Occupational exposure to formaldehyde and wood dust and nasopharyngeal carcinoma
Thomas L Vaughana b, Patricia A Stewartc, Kay Teschked, Charles F Lynche, G Marie Swansonf, Joseph L Lyong, Marianne Berwickh
a Program in
Epidemiology (MP-474), Fred Hutchinson Cancer Research Center, 1100 Fairview Ave, PO Box 19024, Seattle WA 98109, USA, b Department of Epidemiology, University of
Washington, Seattle, Washington, USA, c Occupational Epidemiology Branch, Division of
Cancer Epidemiology and Genetics, National Cancer Institute, Bethesda,
MD, USA, d Department
of Health Care and Epidemiology, University of British Columbia,
Vancouver, BC, Canada, e Department of Epidemiology, University of Iowa,
Iowa City, Iowa, USA, f Cancer
Center and College of Human Medicine, Michigan State University, East
Lansing, Michigan, USA, g Department of Family Medicine, University of
Utah, Salt Lake City, UT, USA, h Memorial Sloan-Kettering Cancer Research Center,
New York, New York 10021, USA
Correspondence to: Dr T L Vaughan tvaughan{at}u.washington.edu
Accepted 26 January
2000
OBJECTIVES
To
investigate whether occupational exposures to formaldehyde and wood
dust increase the risk of nasopharyngeal cancer (NPC).
METHODS
A
multicentred, population based case-control study was carried out at
five cancer registries in the United States participating in the
National Cancer Institute's SEER program. Cases (n=196) with a newly
diagnosed NPC between 1987 and 1993, and controls (n=244) selected over
the same period from the general population through random digit
dialing participated in structured telephone interviews which inquired
about suspected risk factors for the disease, including a lifetime
history of occupational and chemical exposure. Histological type of
cancer was abstracted from clinical records of the registries.

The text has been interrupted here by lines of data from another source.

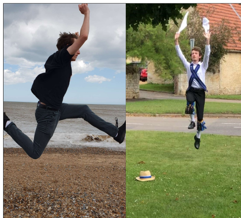
A Year of (Not) Dancing
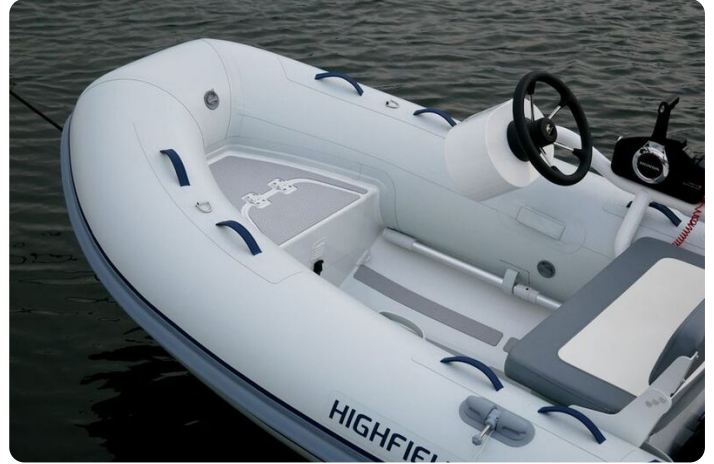
Highfield CL 340 aluminium RIB - bow
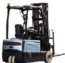
E16/18/20e Capacity: 1.6/1.8/2.0T Lifting Height: 3000mm Max. Lifting Height: 6500mm ZAPI Full AC Dual Driven Motors
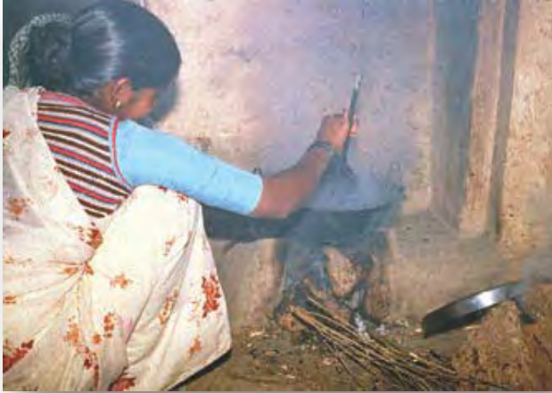
Fig 4.5. Cooking on 3-stone

Women cooking in the smoky kitchen said:
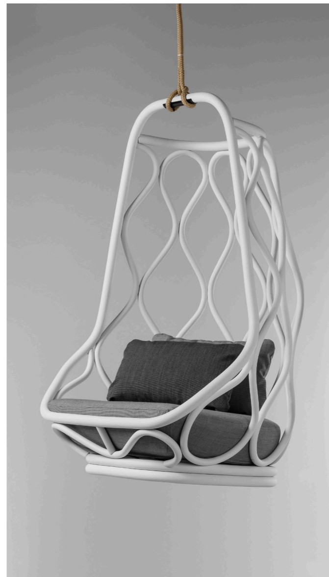
The magic curve. Museu del Disseny de Barcelona

Until Dec 30. The featured work in the display case of the museum's garden is a mid-
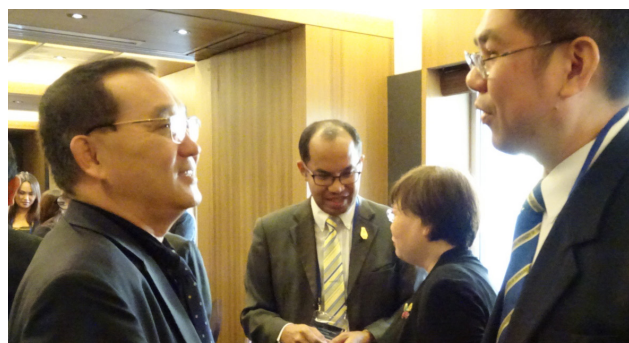
Participants at the UNEVOC East and Southeast Asia Cluster Consolidation Workshop
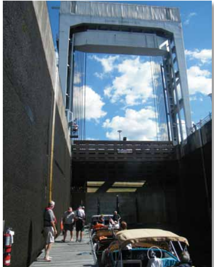
The Carillon Lock with its unique guillotine closing system.
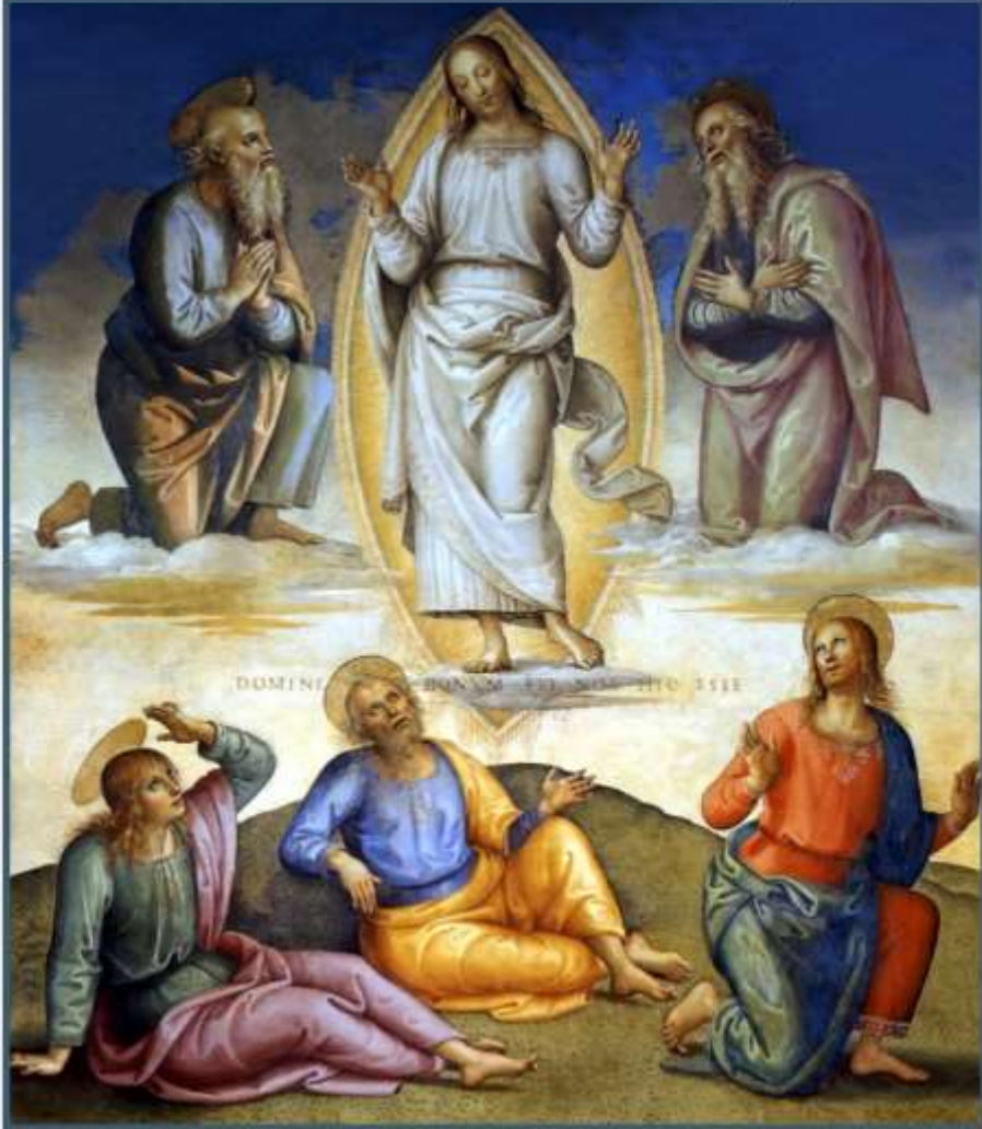
Transfiguration Pietro Perugino 1496

MARRIAGES: Arrangements Must Be Made With the Pastor 6 Months Prior to Proposed Marriage
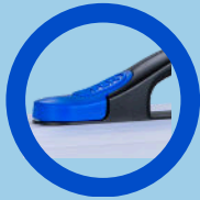
Ultramarine Blue 18
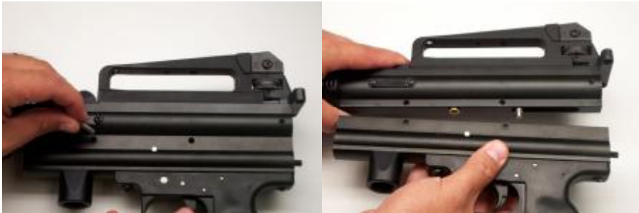
Diagram 1-2: Separating the two Body Halves.

A—Squeeze gun body together and pull out the body pins (part #14) B—Pull the two body halves apart as shown in picture 'B'
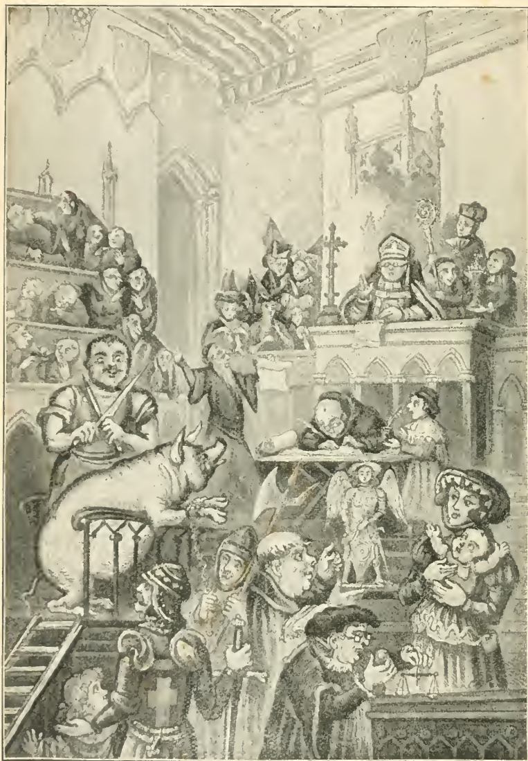
TRIAL OF A PIG AT LAUSANNE IN THE FOURTEENTH CENTURY.
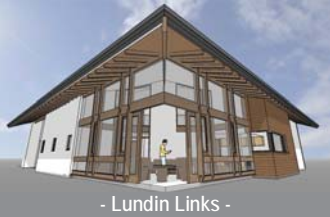
- Lundin Links -

At Planning Stage is the Holiday Home Provision for people affected by MS at Lundin Links, Fife for Homelands Trust.
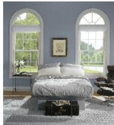
The simple, understated beauty of double-hung windows adds style and elegance to any home.
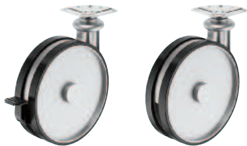
Free running, with brake Free running
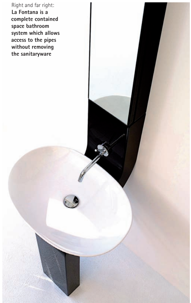
Sharp is a free-standing washbasin for Artceram’s 2008 collection

Right and far right: La Fontana is a complete contained space bathroom system which allows access to the pipes without removing the sanitaryware
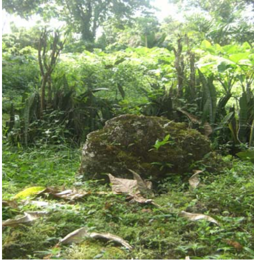
The first stone and boundary in the background.
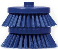
Brushes blue 0.4

Colour code your brushes for different areas of cleaning.

Potential exposure to formaldehyde and wood dust was assessed on a job
by job basis by experienced industrial hygienists who were blinded as
to case or control status.
RESULTS
For
formaldehyde, after adjusting for cigarette use, race, and other risk
factors, a trend of increasing risk of squamous and unspecified
epithelial carcinomas was found for increasing duration (p=0.014) and
cumulative exposure (p=0.033) but not for maximum exposure
concentration. The odds ratio (OR) for people cumulatively exposed to
>1.10 ppm-years was 3.0 (95% confidence interval (95% CI) 1.3 to
6.6) compared with those considered unexposed. In analyses limited to
jobs considered definitely exposed, these trends became stronger. The
associations were most evident among cigarette smokers. By contrast,
there was no association between potential exposure to formaldehyde and
undifferentiated and non-keratinising carcinomas. There was little
evidence that exposure to wood dust increased risk of NPC, as modest
crude associations essentially disappeared after control for potential
exposure to formaldehyde.
CONCLUSIONS
These
results support the hypothesis that occupational exposure to
formaldehyde, but not wood dust, increases risk of NPC. This
association seems to be specific to squamous cell carcinomas. Established cohorts of workers exposed to formaldehyde and wood dust
should continue to be monitored for NPC and other respiratory cancers.
Future studies of NPC should take into account histological type in
assessing risk from environmental and host factors.